Но мне не дано было предугадать — увидимся ли мы с ней, когда станет тепло. В Двенадцатом уже чувствовалась оттепель, каких-то несколько недель, и будет настоящая весна. В прошлом году мы даже не отметили её День рождения — не нарочно, конечно, просто были слишком заняты, налаживая хотя б подобие нормальных отношений. В этом году я планировал это исправить, устроив ей гигантский праздничный сюрприз, и озеро тоже входило в мои планы. Теперь же я скорее всего буду вынужден снова пропустить и этот её день, и бог знает сколько всего ещё, а все потому, что не в состоянии контролировать свое альтер-эго**, мою темную сторону, которая терзает женщину, которую я люблю. Мысль о том, что мне еще так долго придется пробыть вдали от нее, давила на меня невыносимо, и настроение у меня было мрачнее некуда, я был на грани того, чтобы разрыдаться.
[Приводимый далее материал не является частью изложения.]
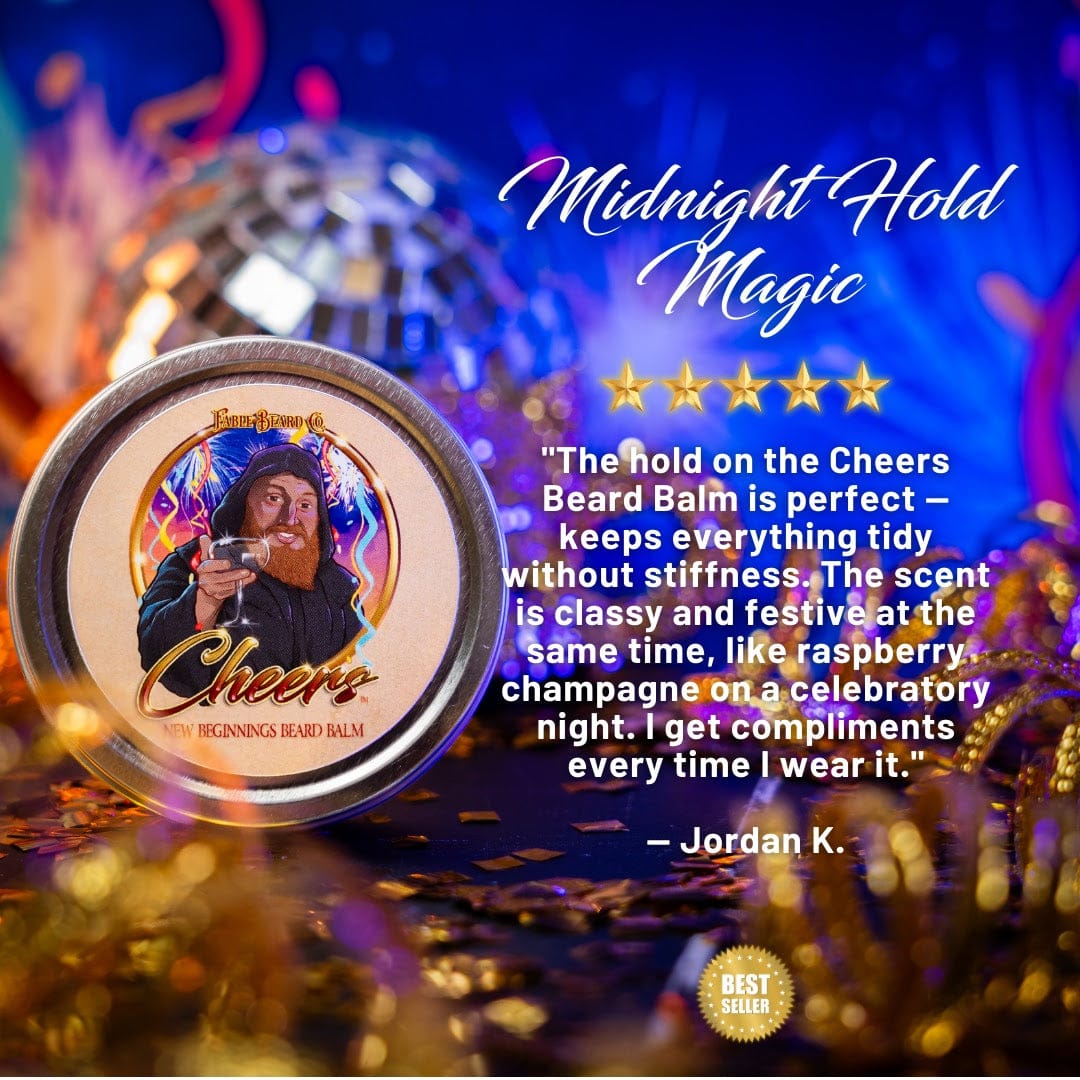 Elevate your grooming routine with Fable Beard Co.’s Complete Beard Care Kit, now featuring Cheers—a bright, celebratory scent inspired by fresh starts, raised glasses, and the optimism of a brand-new year. Designed to keep your beard healthy, soft, and impeccably groomed, this all-in-one kit is infused with an uplifting blend of Orange Crème, Juicy Tangerine, Aged Champagne, and Fresh Raspberries.

К чести Хеймитча надо сказать, что он ко мне не лез с разговорами. В нашей ситуации было столько неизвестных, что обсуждать ее, что-то планировать сейчас было бессмысленно. И в менее болезненный момент своей жизни я бы высоко ценил и его деликатность, и самопожертвование, ведь фактически он вновь и вновь пекся о моей благополучной будущности, и конца этому было не видать. Но раз уж мир решил встать с ног на голову и стряхнуть нас всех, как отыгравшие фигуры с шахматной доски, даже в нем я уже не мог обрести настоящей опоры.
Ритмичный перестук колес, мелькающие за окном пейзажи и мое все нарастающее унылое оцепенение заставляли меня все ощутимее клевать носом. Погружаясь в вязкую дремоту, я чувствовал спиной подушку на своем сидении, но ткань бытия уже истончалась, туманилась, и тут я увидал перед собой её, и на миг не усомнился в её реальности. Я и не думал сомневаться в присутствии здесь Китнисс — так оно и бывает, когда того, кого больше всего жаждешь видеть, на самом деле не может быть рядом. И если вдруг она появляется так близко — руку протяни — уже не хочется задавать лишних вопросов. Я сам был рад обманываться, лишь бы она была рядом.
На ней было желтое платье с узором из зеленых бабочек, тот самый летний наряд, который был на ней в тот день, когда я ей показывал свой едва только разбитый сад. Тонкие лямки обтягивали ее исполосованные шрамами плечи — теперь я знал, что эти шрамы были на ощупь словно лепестки цветов, когда я касался их губами, и они так сочетались с моими собственными. Она сидела теперь на месте Хеймитча, рассеянно водя тонким пальчиком по поверхности стола. Лицо было обращено к окну, и мне был виден лишь ее профиль. Меня охватил такой беспредельный восторг от её присутствия, что я не удержался, схватил ее беспокойную ладони и поднес к губам: поцеловал кисть, мягкое запястье, на котором билась синяя жилка, внезапно ощутив как сильно я по ней изголодался. Он так дивно пахла, что мне хотелось лишь одного: немедленно прижать ее к себе.
Я так был переполнен радостью, что оказался абсолютно не готов к тому зрелищу, которое предстало моим глазам, когда она медленно ко мне повернулась. Вся левая сторона ее лица была один сплошной кровоподтек, а глаз жутко заплыл. Она по-прежнему была в моих глазах невероятно прекрасна – всё, кроме лица. Я в изумлении уронил ее руку, взгляд затуманился внезапными слезами.